Top of Supplied records
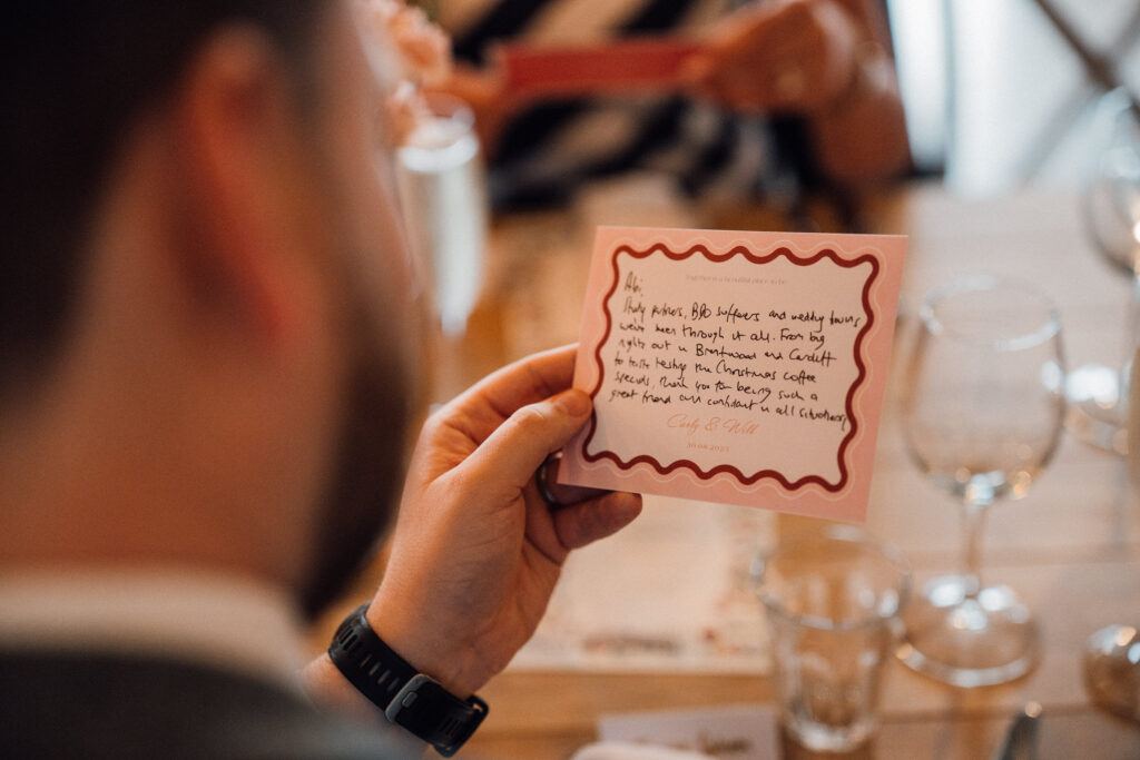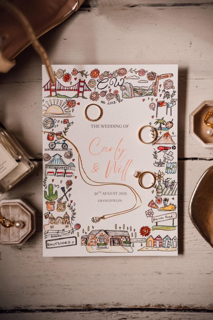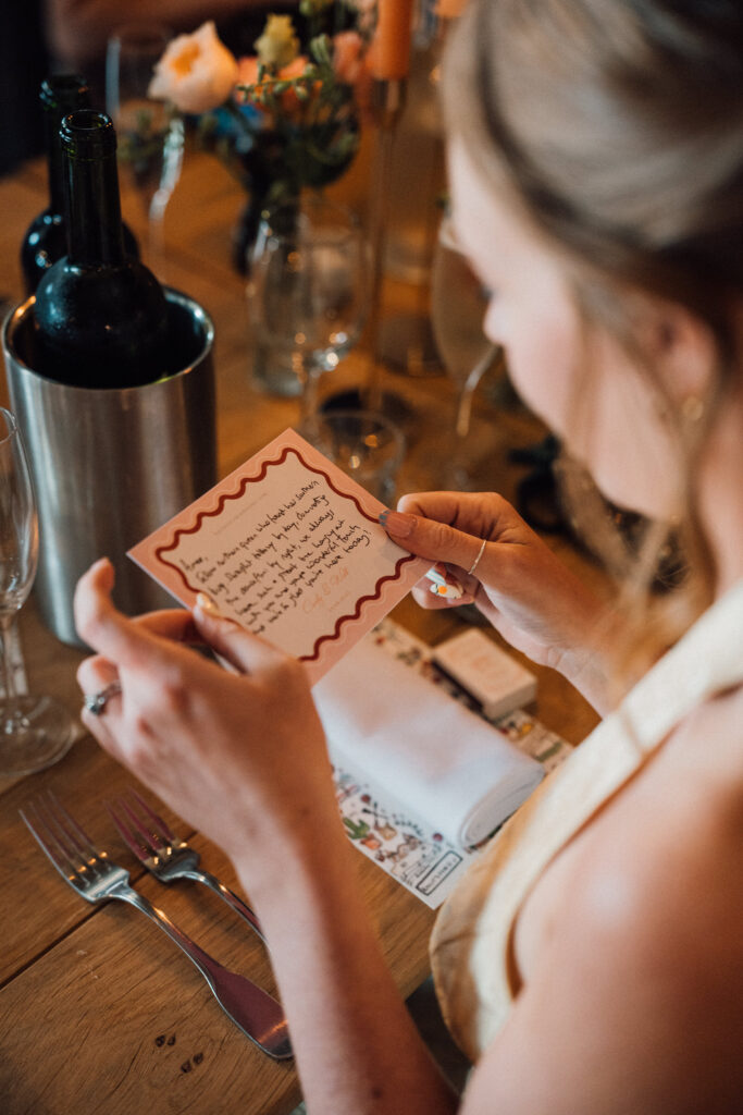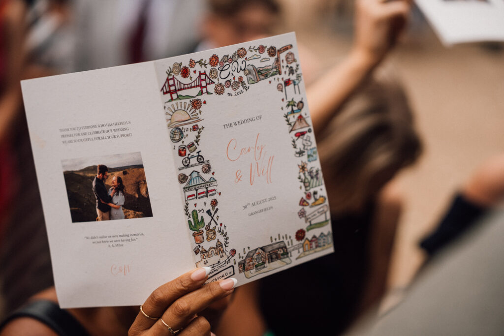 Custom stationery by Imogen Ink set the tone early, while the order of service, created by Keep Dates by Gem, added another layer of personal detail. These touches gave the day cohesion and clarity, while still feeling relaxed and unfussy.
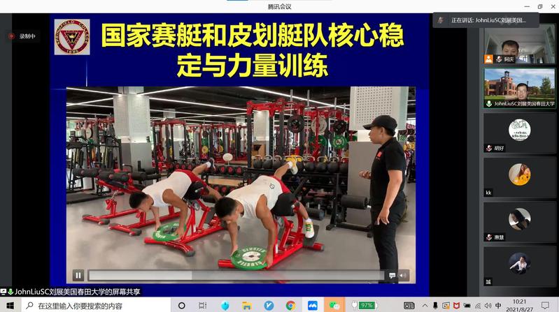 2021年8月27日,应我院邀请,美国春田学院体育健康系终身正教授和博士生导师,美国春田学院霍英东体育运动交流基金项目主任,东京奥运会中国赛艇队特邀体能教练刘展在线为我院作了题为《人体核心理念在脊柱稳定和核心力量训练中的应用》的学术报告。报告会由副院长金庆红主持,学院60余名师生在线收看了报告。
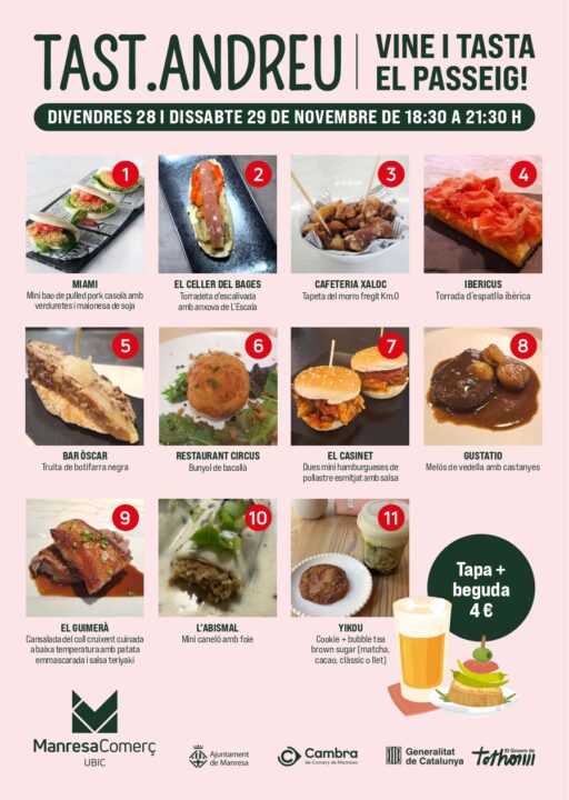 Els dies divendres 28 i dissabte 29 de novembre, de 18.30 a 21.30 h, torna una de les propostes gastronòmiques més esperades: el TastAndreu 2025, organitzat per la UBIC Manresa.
Bottom of Supplied records
Top of Supplied records
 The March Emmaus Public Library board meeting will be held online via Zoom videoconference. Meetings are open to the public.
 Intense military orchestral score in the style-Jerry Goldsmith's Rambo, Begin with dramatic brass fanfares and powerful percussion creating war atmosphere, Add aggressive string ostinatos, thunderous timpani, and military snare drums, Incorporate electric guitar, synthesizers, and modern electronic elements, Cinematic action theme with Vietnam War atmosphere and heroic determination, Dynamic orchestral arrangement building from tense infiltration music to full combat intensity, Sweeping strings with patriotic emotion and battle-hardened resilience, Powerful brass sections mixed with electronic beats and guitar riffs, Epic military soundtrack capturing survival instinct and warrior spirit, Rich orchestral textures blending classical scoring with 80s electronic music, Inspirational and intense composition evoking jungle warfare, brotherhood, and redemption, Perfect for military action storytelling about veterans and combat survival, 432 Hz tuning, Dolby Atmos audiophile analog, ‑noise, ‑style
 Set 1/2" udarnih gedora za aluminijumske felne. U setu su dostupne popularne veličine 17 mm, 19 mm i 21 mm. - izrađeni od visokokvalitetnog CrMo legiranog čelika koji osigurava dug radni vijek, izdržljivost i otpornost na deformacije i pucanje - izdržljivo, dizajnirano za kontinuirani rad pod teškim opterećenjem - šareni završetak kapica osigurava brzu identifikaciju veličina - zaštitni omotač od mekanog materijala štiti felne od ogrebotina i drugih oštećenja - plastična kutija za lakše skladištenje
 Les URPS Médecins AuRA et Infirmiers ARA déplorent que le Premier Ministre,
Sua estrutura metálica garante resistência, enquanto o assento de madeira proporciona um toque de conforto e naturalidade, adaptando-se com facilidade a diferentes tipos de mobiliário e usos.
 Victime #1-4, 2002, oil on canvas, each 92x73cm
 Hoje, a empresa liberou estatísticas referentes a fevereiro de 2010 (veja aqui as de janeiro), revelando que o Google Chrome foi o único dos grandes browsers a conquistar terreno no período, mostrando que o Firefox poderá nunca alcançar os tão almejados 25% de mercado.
Bottom of Supplied records
# Problem details
Using the entries above, give back exactly the line containing "Les URPS Médecins", the line containing "Hoje, a empresa", and every line between them, and nothing else.

# Task response
 Les URPS Médecins AuRA et Infirmiers ARA déplorent que le Premier Ministre,
Sua estrutura metálica garante resistência, enquanto o assento de madeira proporciona um toque de conforto e naturalidade, adaptando-se com facilidade a diferentes tipos de mobiliário e usos.
 Victime #1-4, 2002, oil on canvas, each 92x73cm
 Hoje, a empresa liberou estatísticas referentes a fevereiro de 2010 (veja aqui as de janeiro), revelando que o Google Chrome foi o único dos grandes browsers a conquistar terreno no período, mostrando que o Firefox poderá nunca alcançar os tão almejados 25% de mercado.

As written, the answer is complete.